Typically drivers expects the bus/subsystem level code to power on
their resources which is needed for it to succeed probing/handling
I/O. I believe this is also in agreement to what you stated earlier
above.

This patchset adopts the behaviour above, for those buses which may
hold devices belonging to PM domains.

That said, maybe the wording of "race conditions" should have been
better picked to better describe the issue I am trying to solve.

>
>> You may also have a look at these discussions which also touches this
>> topic, but within a context of another patchset.
>> https://lkml.org/lkml/2014/10/23/95
>
> Which looks like reiterating the same incorrect arguments.
>
>> 2)
>> Another good example why pm_runtime_get_sync() is a bad solution to
>> our problem, is the amba bus. Before it invokes the driver's ->probe()
>> callback it does the following.
>> - "enable bus clock"
>> - pm_runtime_get_noresume()
>> - pm_runtime_set_active()
>> - pm_runtime_enable()
>
> Which may not work if power domains are involved.
>
>> For these scenarios a pm_runtime_get_sync() from any of amba driver's
>> ->probe() callback wouldn't have any effect, since the device is
>> already active.
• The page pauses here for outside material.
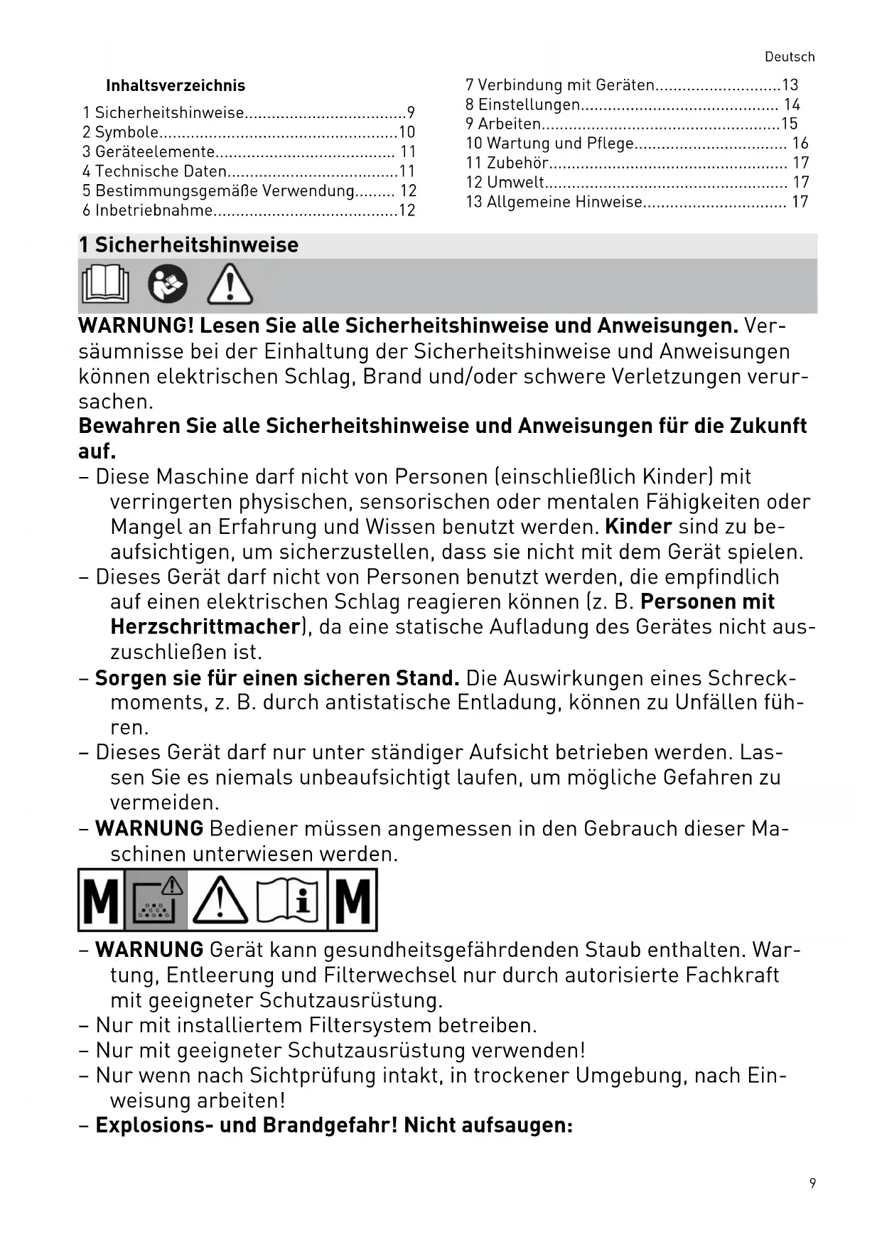 - 13 Allgemeine Hinweise 1 Sicherheitshinweise WARNUNG! Lesen Sie alle Sicherheitshinweise und Anweisungen. Ver säumnisse bei der Einhaltung der Sicherheitshinweise und Anweisungen können elektrischen Schlag, Brand und/oder schwere Verletzungen verur sachen. Bewahren Sie alle Sicherheitshinweise und Anweisungen für die Zukunft auf. – Diese Maschine darf nicht von Personen (einschließlich Kinder) mit verringerten physischen, sensorischen oder mentalen Fähigkeiten oder Mangel an Erfahrung und Wissen benutzt werden. Kinder sind zu be aufsichtigen, um sicherzustellen, dass sie nicht mit dem Gerät spielen. – Dieses Gerät darf nicht von Personen benutzt werden, die empfindlich auf einen elektrischen Schlag reagieren können (z.B. Personen mit Herzschrittmacher), da eine statische Aufladung des Gerätes nicht aus zuschließen ist. – Sorgen sie für einen sicheren Stand. Die Auswirkungen eines Schreck moments, z.B. durch antistatische Entladung, können zu Unfällen füh ren. – Dieses Gerät darf nur unter ständiger Aufsicht betrieben werden. Las sen Sie es niemals unbeaufsichtigt laufen, um mögliche Gefahren zu vermeiden. – WARNUNG Bediener müssen angemessen in den Gebrauch dieser Ma schinen unterwiesen werden. – WARNUNG Gerät kann gesundheitsgefährdenden Staub enthalten. War tung, Entleerung und Filterwechsel nur durch autorisierte Fachkraft mit geeigneter Schutzausrüstung. – Nur mit installiertem Filtersystem betreiben. – Nur mit geeigneter Schutzausrüstung verwenden! – Nur wenn nach Sichtprüfung intakt, in trockener Umgebung, nach Ein weisung arbeiten! – Explosions- und Brandgefahr! Nicht aufsaugen: Deutsch 9– Funken, glühende Teile oder heiße Stäube; – brennbare oder explosive Stoffe (z.B. Magnesium, Aluminium, Benzin, Verdünnung); – aggressive Stoffe (z.B. Säuren, Laugen, Lösungsmittel); – chemisch reaktive Stoffe, die zur Entstehung von Wärme, Säuren/Ba sen, Gasen usw. führen (z.B. reaktive 2K-Materialien, Aluminium und Wasser). – Nationale Sicherheitsvorschriften sowie Angaben des Werkstoffherstel lers beachten! p. 17

In other words, the resources needs to be "manually"
>> enabled.
>
> There seems to be a lot of confusion around this, so let me summarize:
>
> - For CONFIG_PM_RUNTIME unsed drivers should be able to *safely* assume
>   that they can access devices at any time.  All of the runtime PM helpers
>   don't matter then (up to the error codes returned).
>
> - For CONFIG_PM_RUNTIME set, if power domains are in use, then runtime PM
>   has to be either enabled or disabled for all devices in one domain (and
>   if disabled, the expected behavior is like the above).
>
> - For CONFIG_PM_RUNTIME set, if power domains are in use, drivers (or bus
>   types etc) should not make any assumptions about devices being fully
>   powered without ensuring that this is the case, usually by holding an
>   active PM runtime reference to the device before accessing it.
>
> Now, there may be places in the core/bus type code that aren't aligned with
> the above, so they need to be fixed this way or another.
>
> HTH,
> Rafael
>

Kind regards
Uffe